# [Dataset entries]
──────────────────────────────

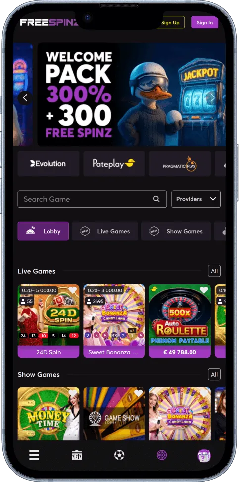 Freespinz doesn’t tiptoe around live gaming; it goes all in. With 600+ live games, the lobby feels like a full-blown casino complex. Evolution, Pragmatic Play, Playtech, Ezugi, and 9 others power up the library.
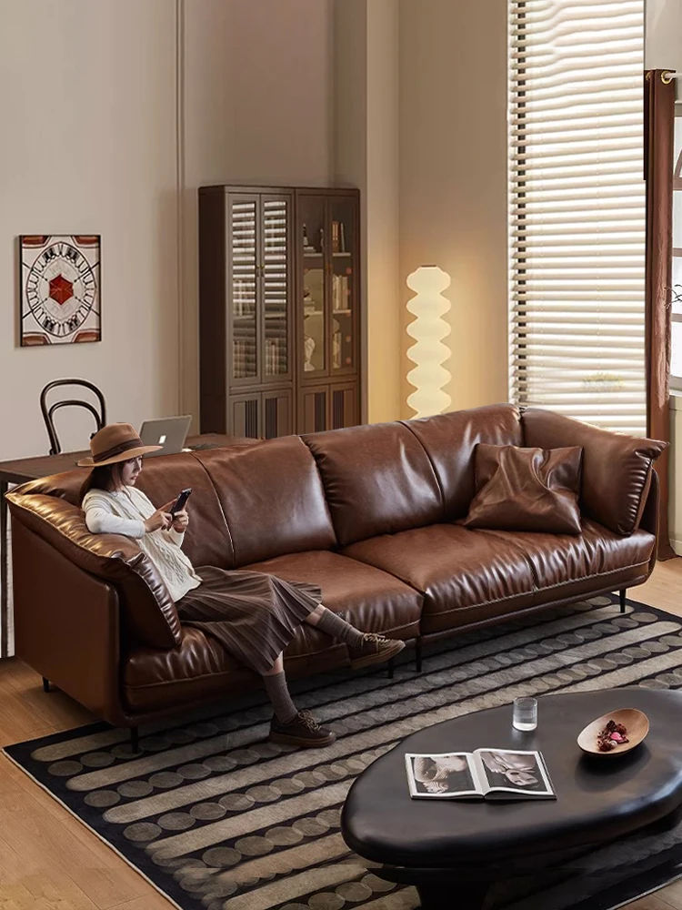 Elegant Italian-Style Top-Grain Leather Sofa - Modern Minimalist Living Room Straight Couch in Vintage Oil-Waxed Leather for Home Use
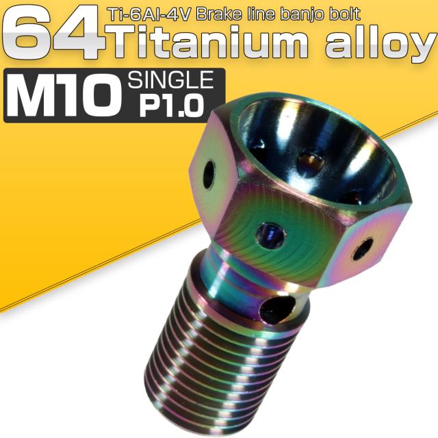 バンジョーボルト M10 P1.00 チタン シングル 1本ホース用 スズキ車に 虹色 焼きチタン風 JA211
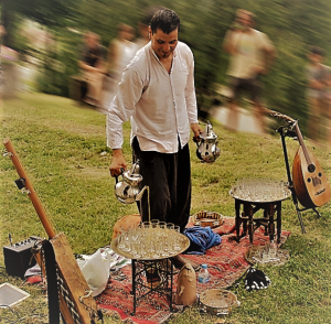 Tout au long du spectacle Abdellatif Targhaoui votre guide prépare le traditionnel thé à la menthe que vous pourrez déguster à la fin du voyage. Oreilles et papilles se régalent.
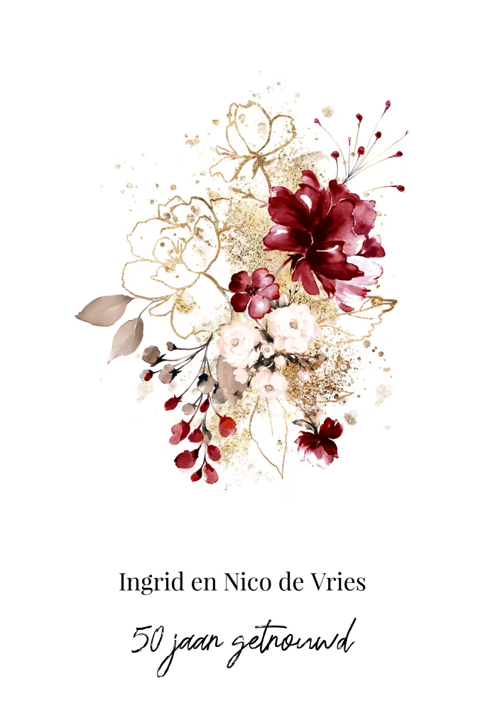 50 jaar getrouwd uitnodiging rood gouden bloemen
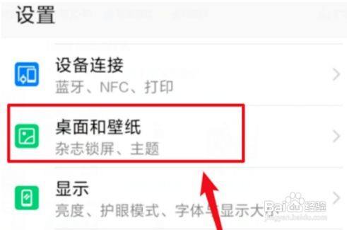 打开设置页面之后,选择点击“桌面和壁纸”选。
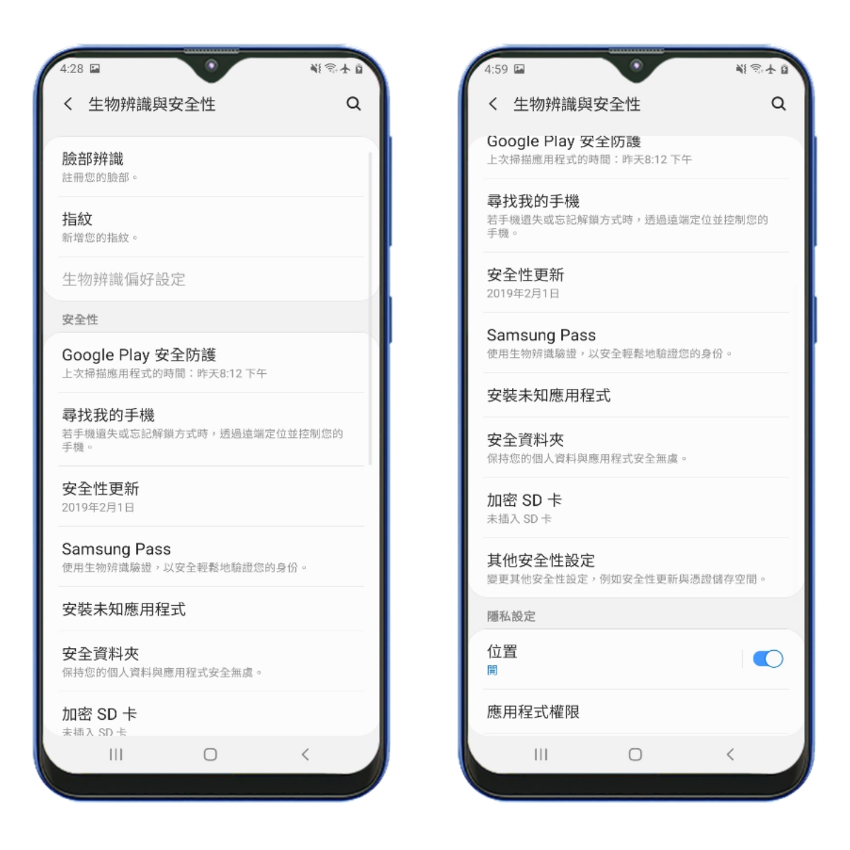 安全性的部份支援臉部辨識以及指紋辨識可以使用,並支援安全資料夾,可以將較有個人隱私的檔案或照片放到安全資料夾中避免被別人隨意開啟閱覽,而安全資料夾也能將應用程式放入,往下來看。

──────────────────────────────

Go back to the line containing "バンジョーボルト M10 P1.00" and output it and every line after it through the end of the records, exactly, but not the pictures.

 バンジョーボルト M10 P1.00 チタン シングル 1本ホース用 スズキ車に 虹色 焼きチタン風 JA211
 Tout au long du spectacle Abdellatif Targhaoui votre guide prépare le traditionnel thé à la menthe que vous pourrez déguster à la fin du voyage. Oreilles et papilles se régalent.
 50 jaar getrouwd uitnodiging rood gouden bloemen
 打开设置页面之后,选择点击“桌面和壁纸”选。
 安全性的部份支援臉部辨識以及指紋辨識可以使用,並支援安全資料夾,可以將較有個人隱私的檔案或照片放到安全資料夾中避免被別人隨意開啟閱覽,而安全資料夾也能將應用程式放入,往下來看。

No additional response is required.